START DATA EXCERPT
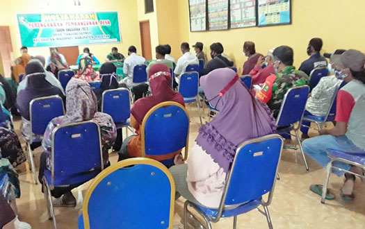 Magetan – Danramil 06/Maospati Kapten INF Sunaryo bersama Babinsa Pelda Suwartoyo menghadiri Undangan Musyawarah Rencana Pembangunan Desa (Musrenbang) di Aula Kantor Balai Desa Tanjungsepreh Kecamatan Maospati, Kabupaten Magetan,Jumat ( 21/1/2022 ).
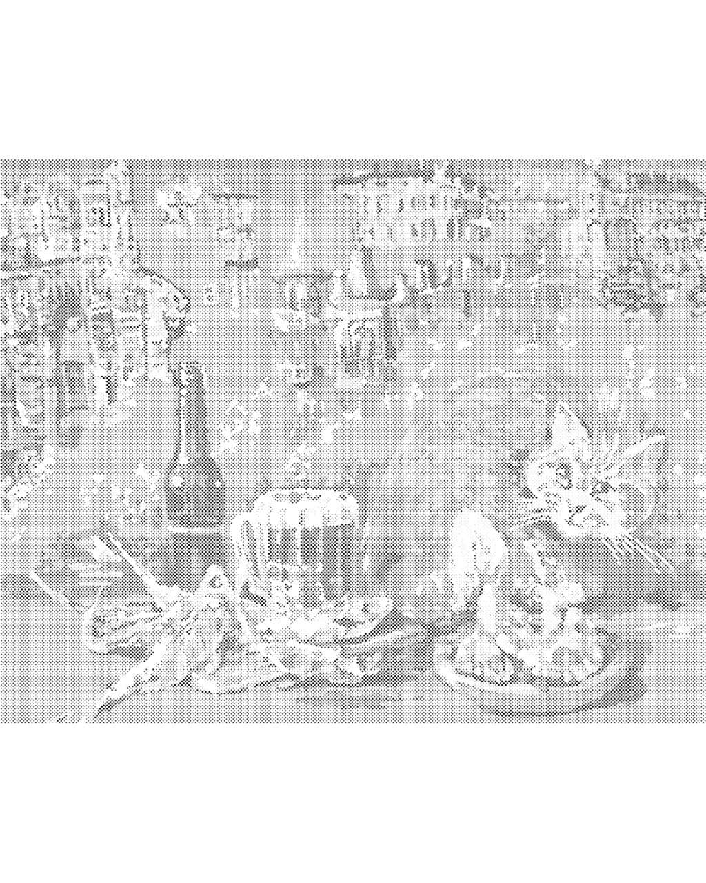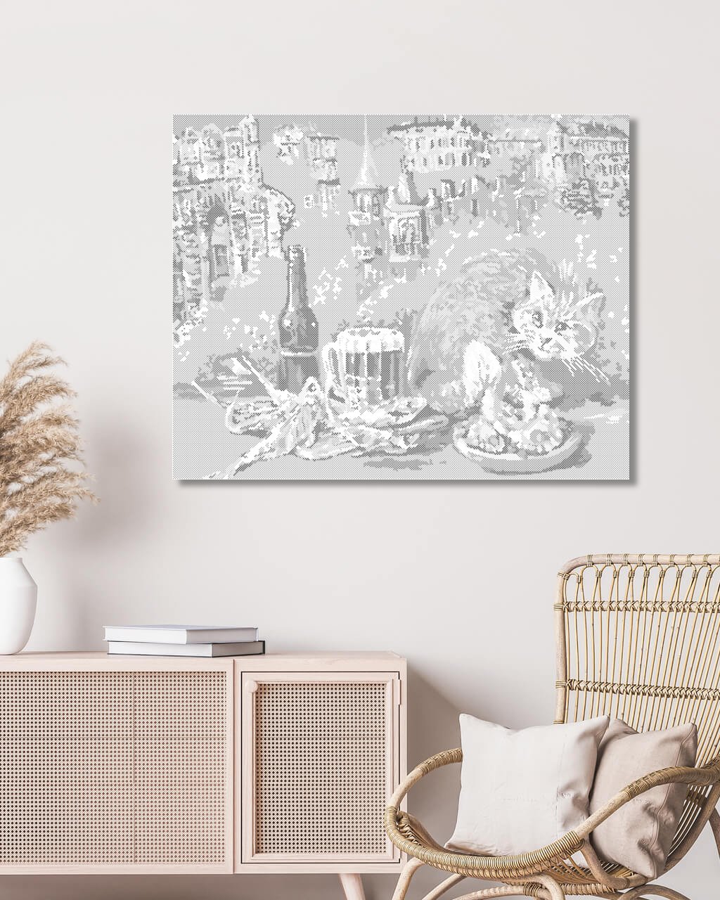 Bodkovanie - MAČKA S JEDLOM NA STOLE
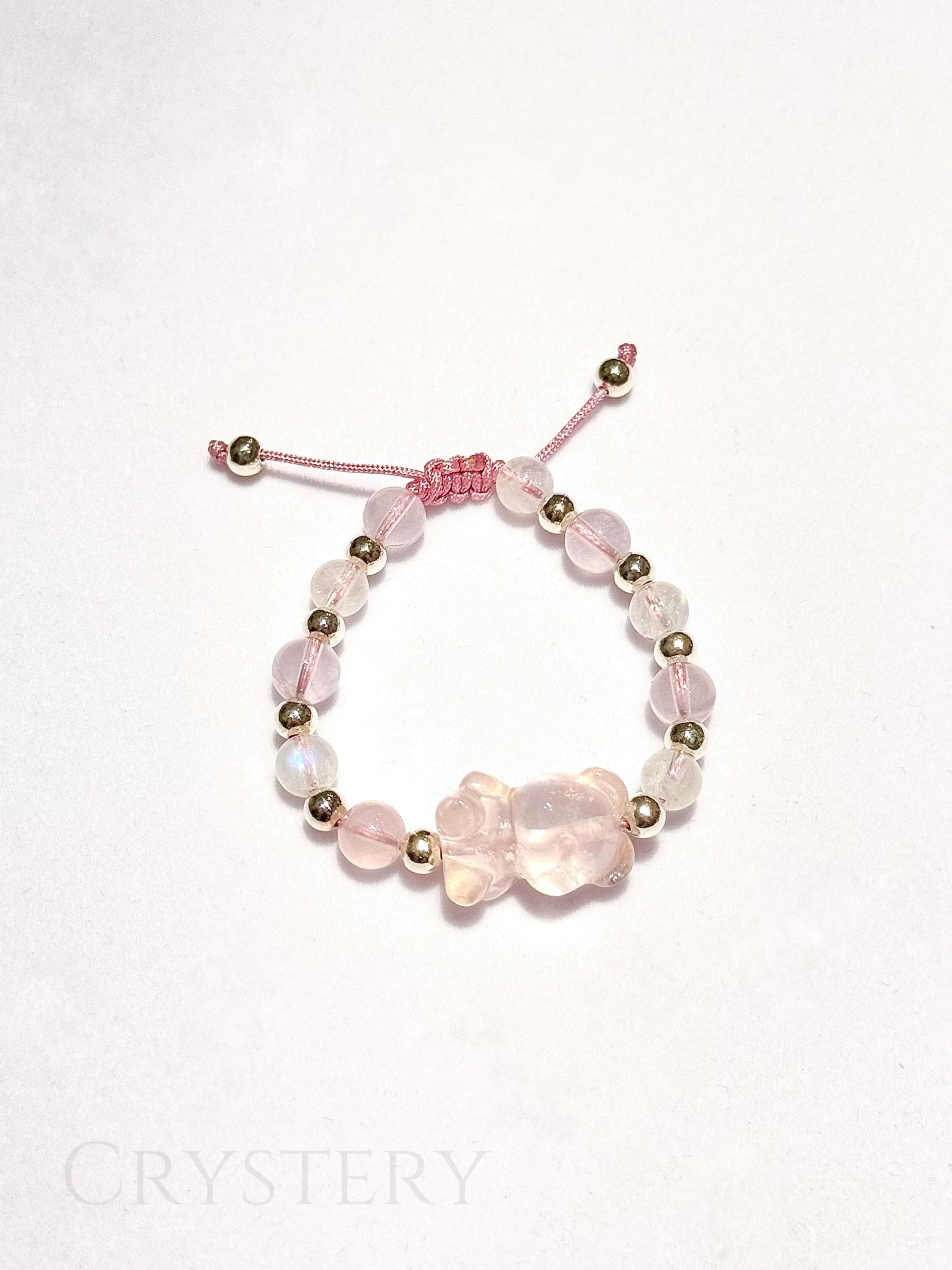 - 粉晶熊尺寸長約17mm ±0.5mm|粉晶、月光石約6mm ±0.5mm
END DATA EXCERPT
YOUR ASSIGNMENT:
In the data, the line that contains "Bodkovanie - MAČKA S JEDLOM NA STOLE" begins the part to write out; restate it and each line after it word for word through the end, with no pictures.

ANSWER TO THIS TASK:
 Bodkovanie - MAČKA S JEDLOM NA STOLE
 - 粉晶熊尺寸長約17mm ±0.5mm|粉晶、月光石約6mm ±0.5mm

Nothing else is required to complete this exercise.